You are viewing a plain text version of this content. The canonical link for it is here.
Posted to user@nutch.apache.org by Marcin Okraszewski <ok...@gmail.com> on 2007/04/25 22:41:05 UTC

Can I make a custom web searcher with Nutch?

Hi,
Nutch seems to be a very powerfull tool. But I'm not sure if I could
customize it that much, to meet my requirements. I would like to
create a web searcher which:

1. Crowls entire site, but keeps only selected pages for searching.
The dermination if page should be indexed would be based on content
(XPath expression).
2. Pick additional fields from pages with XPath expressions.
3. The fields from 2. would be used for sorting and filtering search
results. Some of them would be numerical. They should be displayed in
search results in separate columns.
4. Page rank do not need to be influenced by links. Just content
search would be enough.
5. XPaths would be configurable per web site.

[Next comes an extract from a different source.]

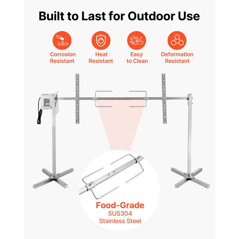 Ομαλή περιστροφή 360°: Απολαύστε ομαλή περιστροφή με αυτό το κιτ σούβλας που τροφοδοτείται από κινητήρα 38W στις 3 σ.α.λ. Τα διπλά ρουλεμάν μειώνουν την καταπόνηση του κινητήρα, ενώ ο αναβαθμισμένος ανεμιστήρας ψύξης και το προστατευτικό κάλυμμα διατηρούν τη μονάδα σε αποτελεσματική λειτουργία για ομοιόμορφα μαγειρεμένα γεύματα. Βαρέως τύπου χωρητικότητα: Σχεδιασμένη για να χειρίζεται έως και 40 κιλά, το πλαίσιο αυτής της σούβλας ψησίματος 52 ιντσών/1321 χιλιοστών χωράει χοίρους, αρνιά, γαλοπούλες και άλλα. Ιδανική για τη δημιουργία μεγάλων, ομοιόμορφα μαγειρεμένων γευμάτων που εντυπωσιάζουν την οικογένεια και τους φίλους σε οποιαδήποτε συγκέντρωση. Κατασκευή από ανοξείδωτο ατσάλι: Κατασκευασμένο από ανθεκτικό ανοξείδωτο ατσάλι, αυτό το κιτ σούβλας VEVOR εξασφαλίζει αντοχή στη σκουριά και εύκολο καθάρισμα. Εξοπλισμένο με πιρούνια SUS304 για επαφή με τρόφιμα, χειρίζεται το έντονο μαγείρεμα σε εξωτερικούς χώρους με σταθερότητα και αποτελεσματικότητα. Σύστημα ρυθμιζόμενου ύψους: Το κιτ ψησίματος μπάρμπεκιου προσφέρει 8 επίπεδα ύψους για ευέλικτο έλεγχο της απόστασης θερμότητας και της θερμοκρασίας μαγειρέματος. Το ενισχυμένο τρίποδο 45° με βάσεις στήριξης εξασφαλίζει σταθερή στήριξη ακόμα και σε γρασίδι ή μαλακές επιφάνειες για εύκολο ψήσιμο σε εξωτερικούς χώρους. Ψησταριά πολλαπλών σκηνών: Απολαύστε ένα φορητό κιτ αυτόματης ψησίματος κατάλληλο για πάρτι στην αυλή, γαμήλιες δεξιώσεις, κάμπινγκ ή εορταστικές εκδηλώσεις. Η απλή συναρμολόγηση επιτρέπει το ψήσιμο ολόκληρων χοίρων, αρνιών, γαλοπούλων και βοδινού στήθος χωρίς κόπο.

Is it possible to customize Nutch to do this? Or I should rather
create a custom solution with Lucene?

Thanks for help.
Marcin Okraszewski

Can I make a custom web searcher with Nutch?

Posted by Marcin Okraszewski <ok...@o2.pl>.
Hi,
Nutch seems to be a very powerful tool. But I'm not sure if I could
customize it that much, to meet my requirements. I would like to
create a web searcher which:

1. Crawls entire site, but keeps only selected pages for searching.
The determination if page should be indexed would be based on content
(XPath expression).
2. Pick additional fields from pages with XPath expressions.
3. The fields from 2. would be used for sorting and filtering search
results. Some of them would be numerical. They should be displayed in
search results in separate columns.
4. Page rank do not need to be influenced by links. Just content
search would be enough.
5. XPaths would be configurable per web site.

Is it possible to customize Nutch to do this? Or I should rather
create a custom solution with Lucene?

Thanks for help.
Marcin Okraszewski